On 21 Mar 45, the 511th Parachute Inf left for Tagaytay and was relieved the 1st Cavalry Division. Lt Col TALATALA requested Gen SWING of the 11th Airborne Division to allow us to stay and fight until the liberation of our sector. It was granted and we joined the 8th Cavalry Squadron, 1st Cav Div under Col KING. On 24 March 45, our men were distributed to the different units of the squadron and began the attack against the enemy in Santo Tomas, Batangas. That same day, the town was liberated. Casualties: dead 7; disabled 1; wounded 2. That afternoon at 1600 hrs, another engagement with the enemy took place until night at the Tanauan Santo Tomas Bridge. The following morning, the enemy retreated to Santa Clara, Santo Tomas, Batangas.

That morning, Lt Col TALATALA and Gov MALVAR requested Col KING to allow our unit to clean the town of Santo Tomas and to establish a civil government therein. It was granted and our men cleaned the town of dead Japs, debris, etc., for two weeks. PCAU helped us organize the civil government.

[p. 6]

Meanwhile, two squads of our men accompanied the 8th Cavalry to Santa Clara, Alaminos, and San Pablo, Laguna as guides for the attack which eventually cleared enemy forces therein.

On 9 Apr 45, Lt Col TALATALA reported to Camp Murphy for processing, leaving Major MENDOZA as Actg CO while Major MODELO was detailed with [the] 1129th Engineering Combat Group. Major AGLUCUB was sent on a mission to San Juan, Batangas to assemble the reserves with arms. They liberated the town while the American Forces were still at Rosario, Batangas, and later joined the advancing American Forces at Candelaria, Tayabas.

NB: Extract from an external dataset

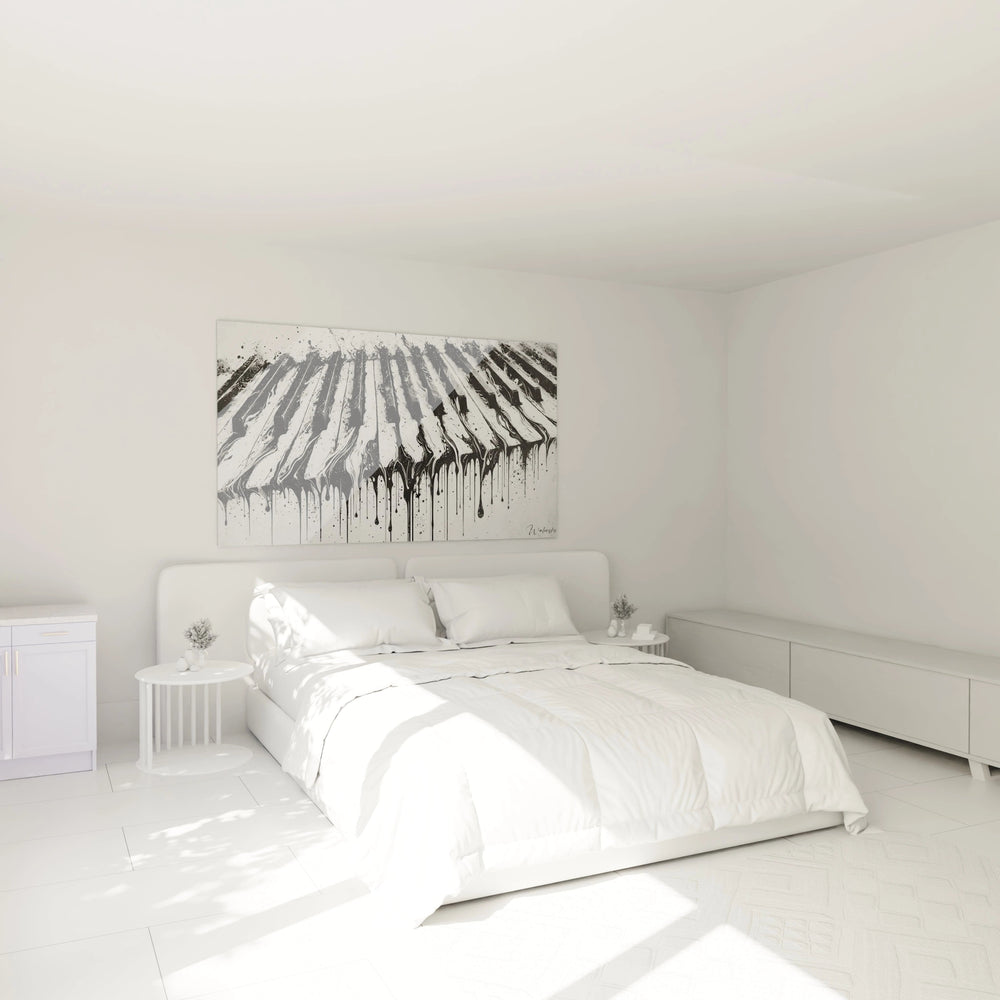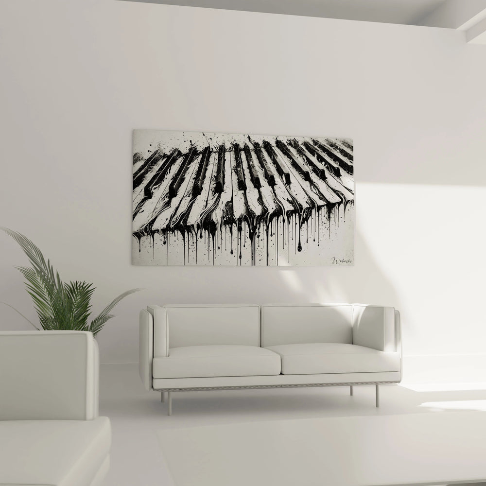 Chaque touche, représentée par des coulées fluides et des éclaboussures dynamiques, vous plonge dans un univers où la musique prend forme. En contemplant cette création, vous ressentez les contrastes intenses entre mélancolie et joie, silence et effervescence — une danse harmonieuse de noir, blanc et nuances de gris qui habille votre espace d’une atmosphère à la fois dramatique et apaisante.

The unit rejoined the 511th Parachute Inf at Lipa, Batangas in Apr 45. Enemies in the mountains around this town were mopped up and annihilated. Following these successful engagements, the men were sent to the Rest Camp at Dagatan, Lipa, Batangas, and formed the 4th Provisional Battalion of the 511th Parachute Inf composed of American Dominion Forces, PQOG Santo Tomas Unit, and Fil-Americans, with Major JOSE MATIBAG of the ADF as CO and Major PABLO T MENDOZA as Ex O. Ambush patrols were sent out to clear the vicinity of Jap snipers and stragglers.

Other activities: (a) Guarding bridges from Tiaong, Tayabas to Alabang, Rizal. The Headquarters of the Battalion was transferred to San Pablo, Laguna on 6 Jun 45. “A” Co was assigned to Calauan, Laguna. “B” Co to Lusacan, Tiaong, Tayabas, “C” Co to San Pablo City. (b) Mopping and clearing operations were continued in these areas.

On 12 Jul 45, the PQOG Santo Tomas Unit was ordered to proceed to Camp Murphy for processing, leaving the rest in their respective places. Majority of the men of this unit are assigned to activated Philippine Army Units.

/S/ Lorenzo N. Talatala
Lt Col, Infantry


2nd Lt, Inf, P.A.
Notes and references:
1 “Sto Tomas Grla Unit, I Corps, PQOG,” File No. 271-29, online at the United States National Archives.